[[ THE DATA open ]]

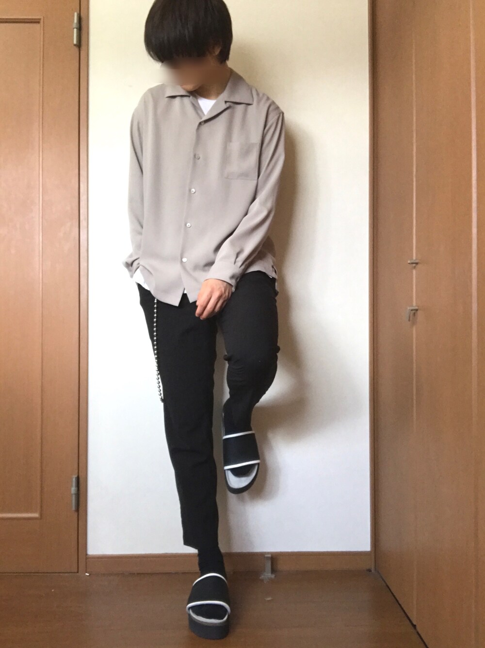 シルエットの綺麗さを意識してみました✨ オープンカラーシャツとサンダルの組み合わせが良き!
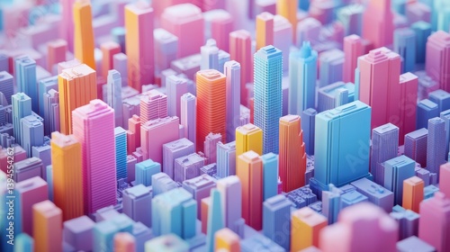 A vibrant, colorful cityscape model featuring various skyscrapers and buildings in pastel shades, showcasing urban architecture.
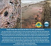 We hope you’ve been enjoying the cooler temperatures and lower humidity this week. Here are results from our tenth week of the Lake Champlain Committee (LCC) cyanobacteria monitoring program. You’ll find resources and links to help you identify, report and avoid cyanobacteria. We’ve also included pictures of some of the conditions observed this week along with photos of a stick test you can use to help you differentiate cyanobacteria from non-toxin producing green algae. Please continue to share these resources with others to help educate people on water issues.

[[ THE DATA closed ]]

INSTRUCTIONS FOR THE TASK:
When you reproduce the material, keep every word exact and leave each picture out.

EXPECTED ANSWER:
 シルエットの綺麗さを意識してみました✨ オープンカラーシャツとサンダルの組み合わせが良き!
 A vibrant, colorful cityscape model featuring various skyscrapers and buildings in pastel shades, showcasing urban architecture.
 We hope you’ve been enjoying the cooler temperatures and lower humidity this week. Here are results from our tenth week of the Lake Champlain Committee (LCC) cyanobacteria monitoring program. You’ll find resources and links to help you identify, report and avoid cyanobacteria. We’ve also included pictures of some of the conditions observed this week along with photos of a stick test you can use to help you differentiate cyanobacteria from non-toxin producing green algae. Please continue to share these resources with others to help educate people on water issues.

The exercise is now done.